We aren’t just deli workers, or fishmongers, or bartenders – everyone, customers & workers, are friends, and everyone knows everyone. There are the old timer East Londoners that have lived here their whole lives, who catch me when I walk past the pub and regale me with tales of the best jellied eels (an East London specialty) – there is the extraordinarily large group of Aussies who found this place and have never left, who bring me chocolate brioches from the bakery in the park, or sausage rolls from the Ginger Pig, our local butcher of rare breeds from the North York moors – there are the actors who banded together and made a troupe just for the village, who do pantomimes at Christmas – there are the fetes and fairs that we bake cakes for the ‘Guess the Weight’ competitions (where our lovely chef was worried for days about having to judge the childrens cake competition and break dozens of tiny hearts). I can’t even explain this place – as my mum said to me ‘How does your village even exist outside of a movie?’ I don’t know. I’m not gonna query it. I’m just going to live it.

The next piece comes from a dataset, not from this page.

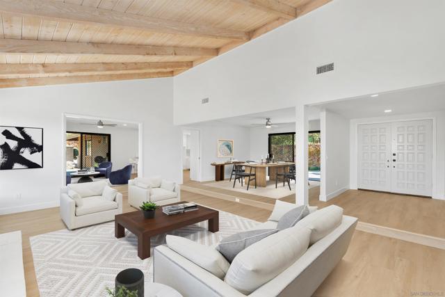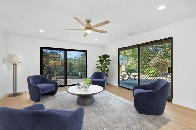 Stunning single-story home set on a breathtaking 2.36-acre lot. This beautifully remodeled residence showcases high-end finishes and modern elegance. The brand-new luxury vinyl plank flooring complements the spacious, open floor plan. The impressive kitchen features abundant cabinetry, sleek modern finishes, quartz counters with matching backsplash & a large peninsula island. Enjoy seamless indoor/outdoor living with multiple sliding doors that open to a wraparound patio overlooking the gorgeous grounds, adorned with mature fruit trees. The private setting and lush scenery create a truly serene oasis.
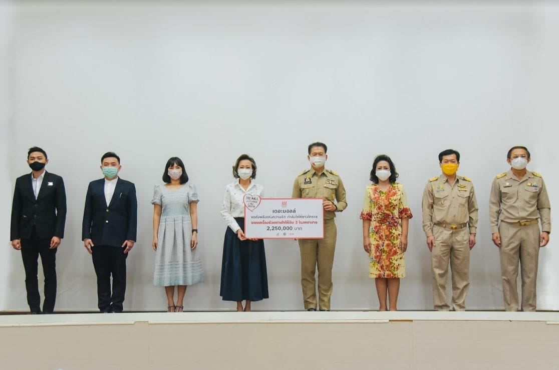 ทั้งนี้ ทางบริษัท เดอะมอลล์ กรุ๊ป จำกัด นำโดย กฤษณา อัมพุช รองประธานกรรมการ พร้อมคณะผู้บริหาร ได้ร่วมส่งมอบเครื่องช่วยหายใจ จำนวน 5 เครื่อง ให้กับ 3 โรงพยาบาลหลักในจังหวัดนครราชสีมา ได้แก่ โรงพยาบาลมหาราชนครราชสีมา (จำนวน 3 เครื่อง), โรงพยาบาลเทพรัตน์นครราชสีมา (จำนวน 1 เครื่อง) และโรงพยาบาลมหาวิทยาลัยเทคโนโลยีสุรนารี (จำนวน 1 เครื่อง) รวมมูลค่าทั้งสิ้น 2,250,000 บาท โดยได้รับเกียรติจาก ท่านวิเชียร จันทรโณทัย ผู้ว่าราชการจังหวัดนครราชสีมา และ ณัฏฐินีภรณ์ จันทรโณทัย นายกเหล่ากาชาดจังหวัดนครราชสีมา ร่วมเป็น สักขีพยานในพิธี พร้อมด้วย นายแพทย์สุรัตน์ ส่งวิรุฬห์ รองผู้อำนวยการฝ่ายการแพทย์ โรงพยาบาลมหาราชนครราชสีมา นายแพทย์จิรศักดิ์ วิจักขณาลัญฉ์ ผู้อำนวยการโรงพยาบาลเทพรัตน์นครราชสีมา และ อ.นพ.ดร.นิวัฒน์ชัย นามวิชัยศิริกุล ผู้อำนวยการโรงพยาบาลมหาวิทยาลัยเทคโนโลยีสุรนารี เป็นผู้รับมอบ ณ ศาลากลางจังหวัดนครราชสีมา

We are kind of all tucked within a horse shoe of the park, and as such feel really cut off from the rest of London, which is lovely. Then, if we want to go downtown, we hop on a bike and cycle along the canal and within 20 minutes, voila! We are in Central London. It’s really the perfect place. And what makes it perfect is the people. We are a bunch of misfits, as I’ve heard us affectionately called. And everyone is really one big family. I was so lucky to find this little pocket of paradise, and then be accepted with open arms.
Sarah looked at me and said in a mixture of disbelief and happiness: ‘This is my life!’ She said she was of course excited to go back to Australia, but she was already excited to come back. I am not sure what she was saying about me when I took this…. I hope it was good!
The party was magical. Late at night, after most people had gone home, left behind in the cafe was part of the Deli family. Theo got out his ukelele, and we sang, and we danced, drinking Deli wine until late.